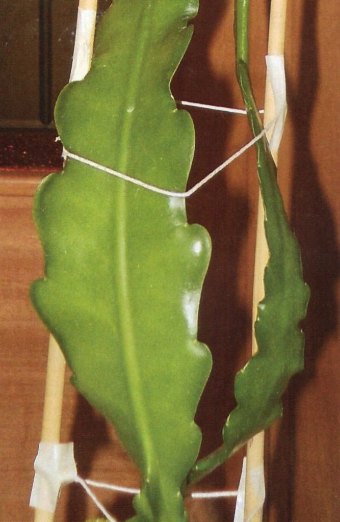 Si tratta della lingua di suocera (Epiphyllum achermanni). I fusti sono succulenti, appiattiti e allungati, di colore verde intenso e incapaci di sostenersi da soli, con margini dentellati o ondulati e ornati da sottili spine (foglie trasformate). I fiori sbocciano tra aprile e agosto lungo i margini. Sono grandi ed hanno forma ad imbuto, sono di colore rosso, bianco o giallo, ma anche variegati. Hanno la caratteristica di durare un giorno solo e di emanare uno sgradevole odore che ha la funzione di attirare specifici insetti impollinatori.
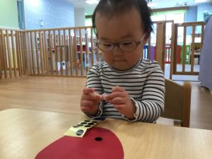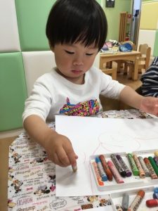 真剣な表情で、思い思いにクレヨンを動かしていますね。
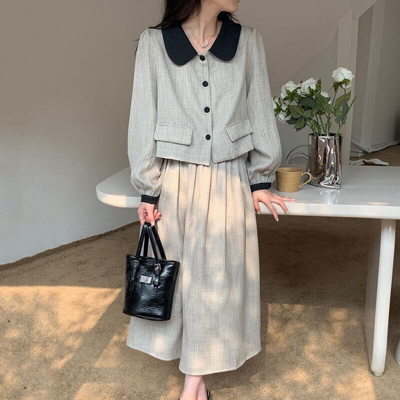 オータムカラーロングシャツ ハイウェストウェストスカート コットン 秋物 7/20 mi4668265336836
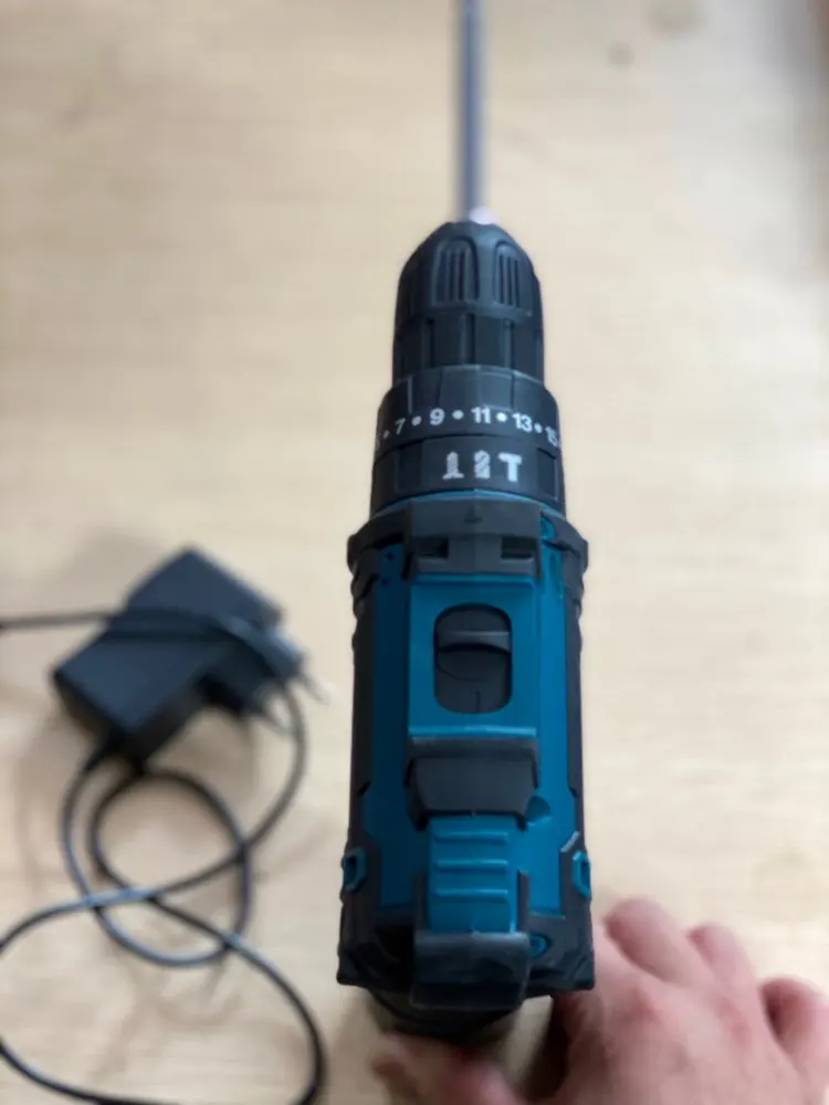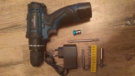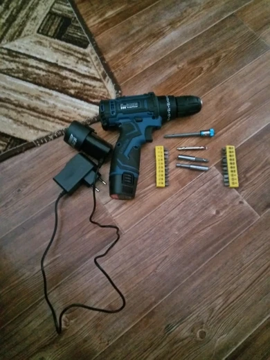 Компактный 12v шуруповёрт для домашних работ. Выиграл на трансляции, за что продавцу большое спасибо. Есть режим сверления и режим перфоратора, но по сути это именно шуруповёрт, и для сверления мелких отверстий. Peжим отбойного молотка, на мой взгляд фейковый. Понравилось, что без проблем подходит аккумулятор от Deko и Hilda В руке лежит удобно, к комплекте был маленький набор бит и зарядное устройство. Шурик понравился, работать с ним легко и удобно, рекомендую к покупке!
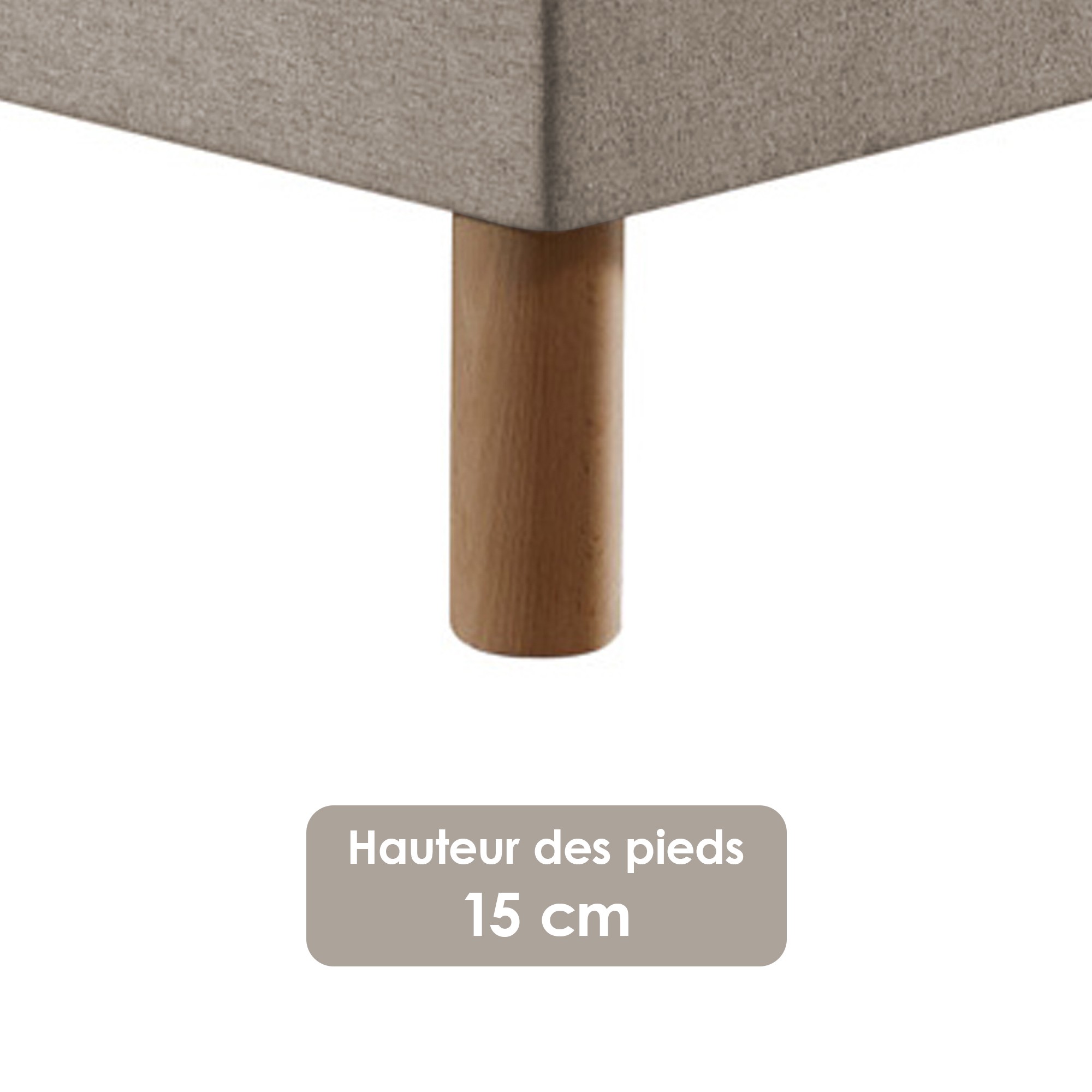 Chaque sommier est conçu avec une caisse en bois de 16 cm de hauteur, recouverte d’un tissu lisse beige. La hauteur totale atteint 31 cm une fois les pieds installés. La finition beige apporte douceur et luminosité à votre chambre.
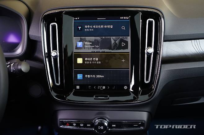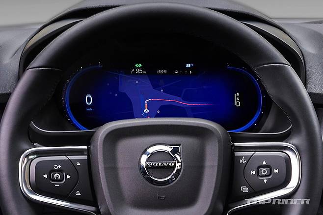 시동 버튼이 삭제돼 키를 지니고 탑승한 상태에서 D 레인지로 변속하면 출발이 가능하다. 엔진 가동이 없는 전기차에서는 엔진 START 개념이 전자기기의 READY나 STANDBY로 달라져 어찌보면 당연한 변화다. 그 외 대부분의 기기 조작은 기존 XC40과 큰 차이가 없다.
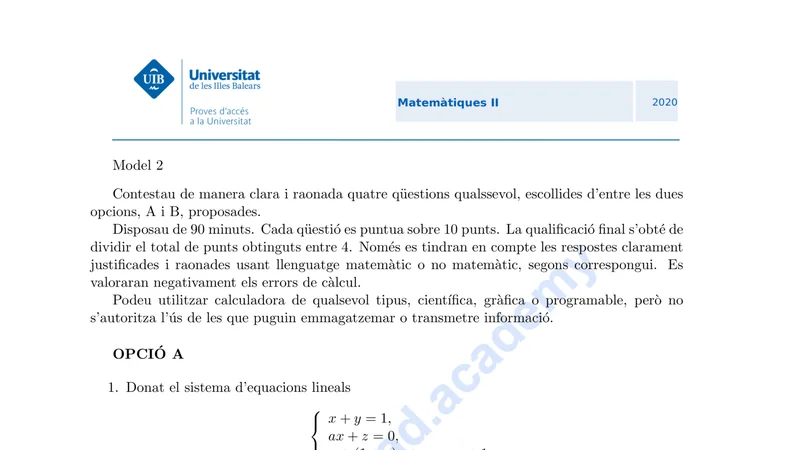 Enunciado oficial del examen de Matemáticas II de la convocatoria ordinaria de 2020 de la PBAU/PAU de Islas Baleares. PDF de 0.4 MB. Descarga gratuita y sin registro. ¿Preparando la selectividad? Calcula tu nota estimada o consulta la guía completa de selectividad 2026. Encuentra todos los exámenes de Matemáticas II en Islas Baleares o explora las 17 comunidades autónomas.
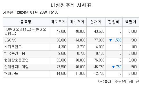 23일 38커뮤니케이션에 따르면 비상장 주식 시장은 2거래일 연속 약세 마감했다.
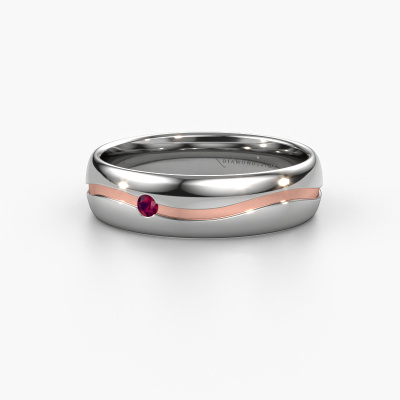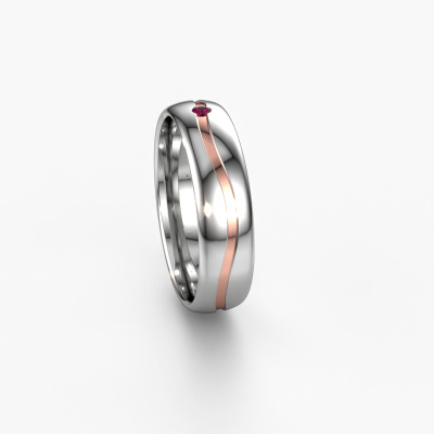 Was für eine perfekte Kombination zwei verschiedener Edelmetalle. Sie scheinen sich im moderne Design dieses Rings zu verstärken! Unser Goldschiede würde sich freuen, einen einzigartigen Ring für Sie zu kreieren, ganz nach Ihren Wünschen. Jeder Ring, den wir anbieten, wird kunstvoll von Hand in unserem eigenen Atelier angefertigt. Das macht es möglich, dass wir Ihre Modern in die Realität umsetzen und Ihnen dabei helfen, Ihren eigenen, persönlichen Ring zu kreieren, der an Ihren Stil angepasst ist. Dieser moderne Weißgold WH0905L35X Damen Ehering ist mit rund Rhodolit besetzt, ±5 mm breit und hat ein blinkendes Finish.
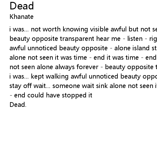 i was... not worth knowing visible awful but not seen alone always forever - beauty opposite transparent hear me - listen - right here i was... kept walking awful unnoticed beauty opposite - alone island stay off wait... someone sink alone not seen it was time - end it was time - end i was... visible awful but not seen alone always forever - beauty opposite transparent see me - right here i was... kept walking awful unnoticed beauty opposite deserted - alone island stay off wait... someone wait sink alone not seen it was time - end it was time - end could have stopped it |
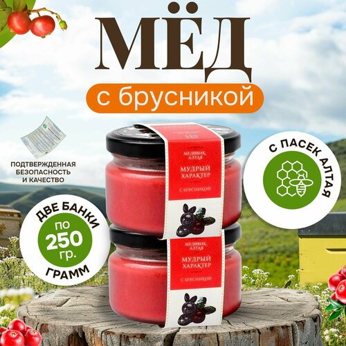 Мед натуральный с брусникой алтайский 2 шт по 250г
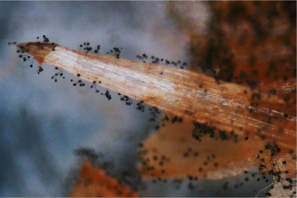 Гифы и конидиеносцы (выросты мицелия, на которых развиваются споры) изначально прозрачные, со временем становятся тёмно-пигментированными. Конидиеносцы могут быть простыми или разветвлёнными, на их вершинах - фиалиды (конечные одноклеточные спороносящие структуры на верхушке конидиеносца). Фиалиды пигментированные, цилиндрические, с вздутыми верхними частями, образуют скопления по 3-10. Конидии, они же споры (4,5×9 мкм), овальные, собраны в скопления. Споры у Stachybotrys chartarum обычно имеют веретеновидную или эллиптическую форму и часто собраны в гроздья, напоминающие кисти винограда.
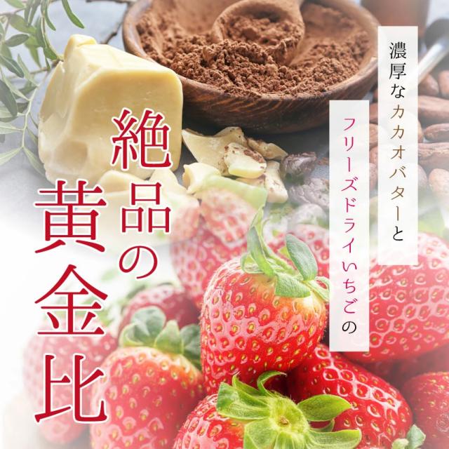 チョコレート(砂糖、ココアバター、全粉乳、植物油脂、乳糖)、乾燥苺、食用植物油脂/乳化剤、香料(一部に乳成分・大豆を含む)
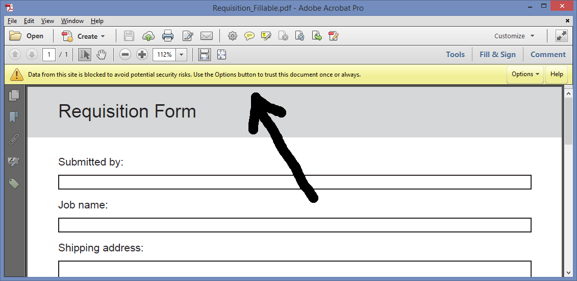 如果将data.xfdf和Requisition_Fillable.pdf放在同一个目录中,然后打开data.xfdf,您将看到以下消息:
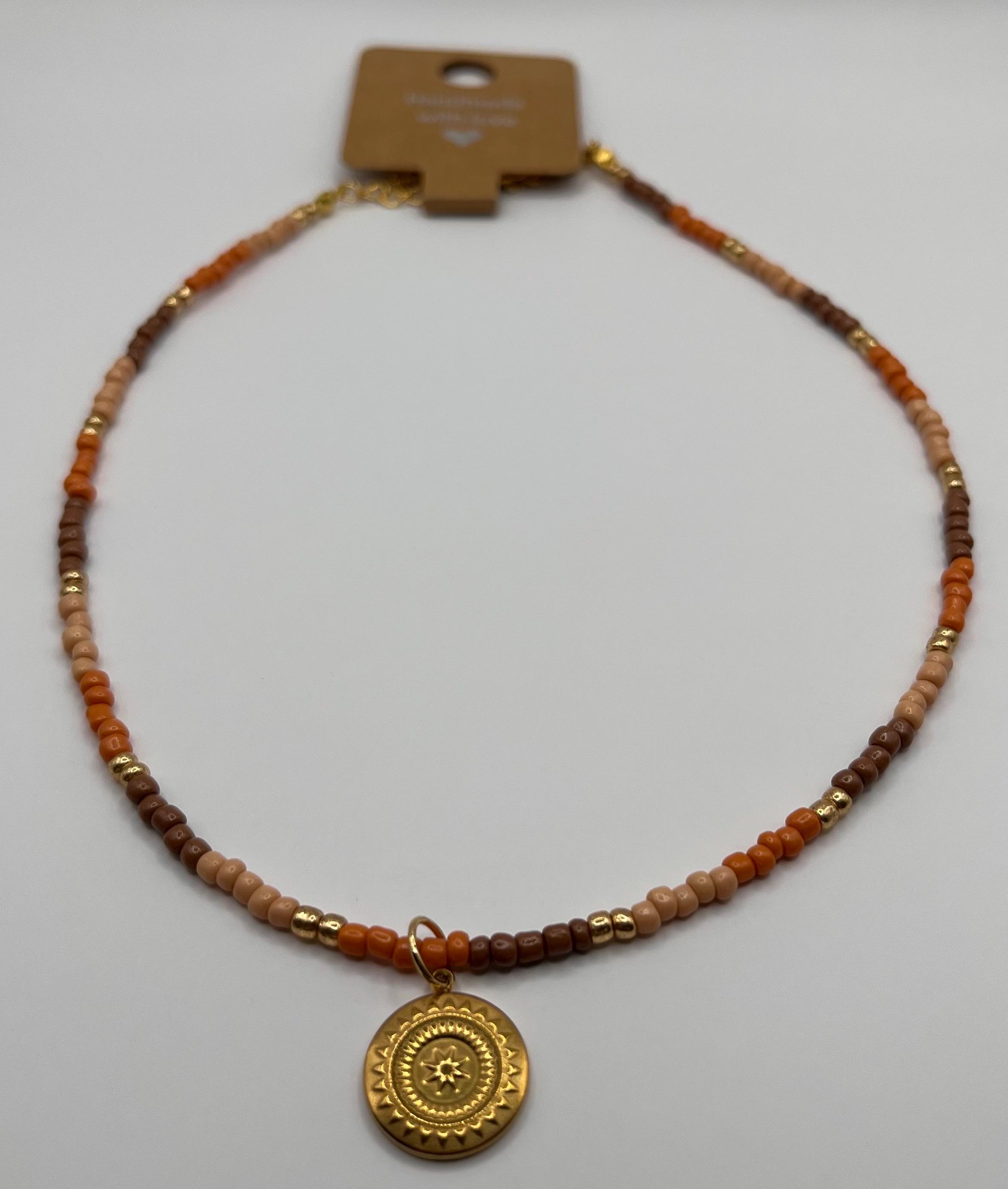 Deze kralenketting is gemaakt van kleine beads in warme tinten, gecombineerd met een goudkleurige hanger. De ketting bestaat uit zorgvuldig geregen kralen in bruin-, beige- en oranje tinten en een metalen bedel met een fijn lijnmotief.
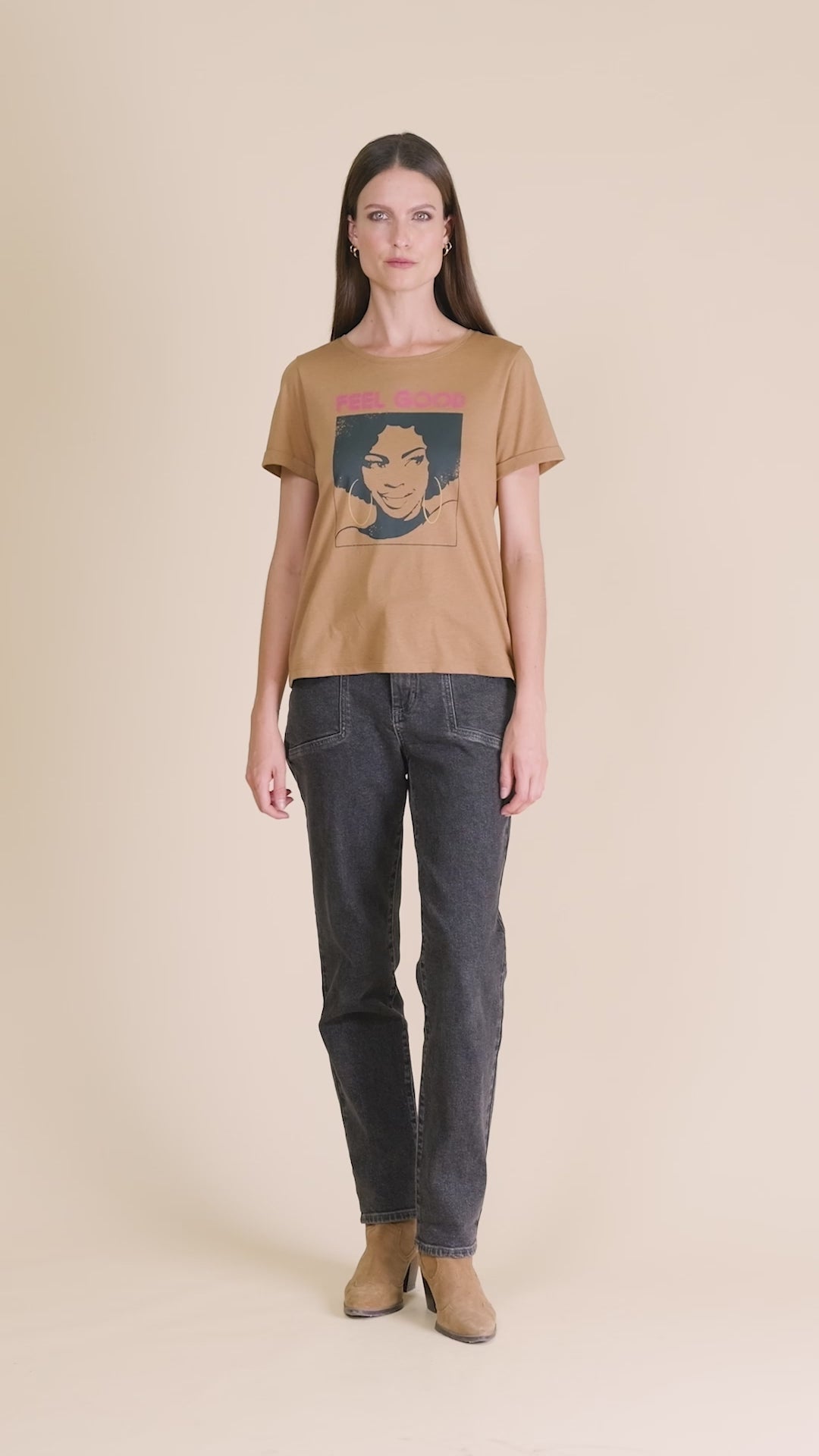 Adoptez ce T-shirt Feel Good au print vibrant, parfait pour une allure décontractée et pleine de fraîcheur.
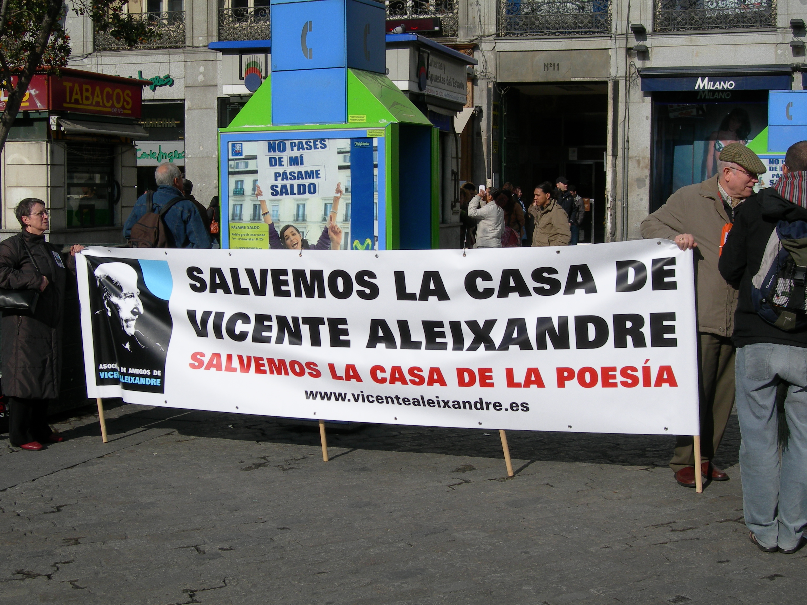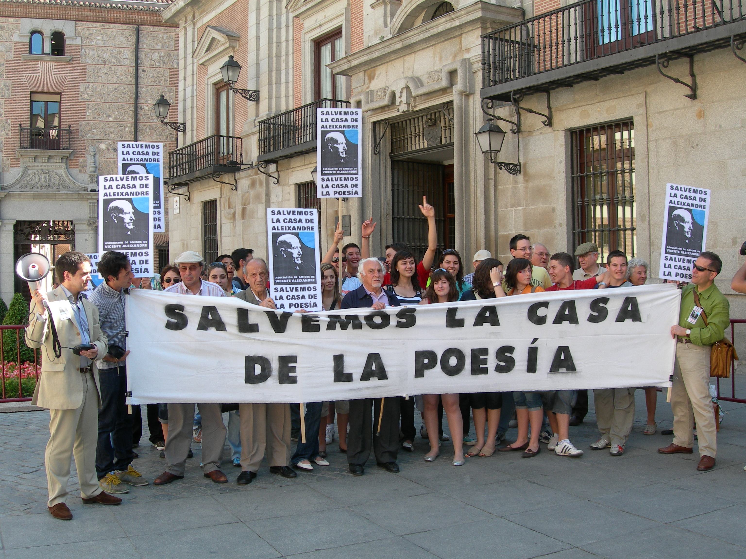 Nos parece una falta de respeto a la historia y al legado de nuestro poeta que su vivienda pueda transformarse en un centro alternativo. La casa de Vicente Aleixandre tiene que ser la casa de la poesía, no puede ni debe ser otra cosa. Esa ha sido la clara y firme voluntad de los numerosos intelectuales, poetas, artistas, escritores y amigos que nos han apoyado a lo largo de estos veintitrés años. Nuestro grito de denuncia y protesta ha sido en todo este tiempo SALVEMOS LA CASA DE LA POESÍA, y quienes no entiendan esto, no entienden ni lo que significa Velintonia en la historia de la literatura española del siglo XX, ni lo que representa Vicente Aleixandre en la poesía.
================
Directions ->
Find the line with "真剣な表情で、思い思いにクレヨンを動かしていますね。" and the line with "オータムカラーロングシャツ ハイウェストウェストスカート コットン" in the records above. Copy both and all lines between them exactly, without pictures.

Reply to the exercise ->
 真剣な表情で、思い思いにクレヨンを動かしていますね。
 オータムカラーロングシャツ ハイウェストウェストスカート コットン 秋物 7/20 mi4668265336836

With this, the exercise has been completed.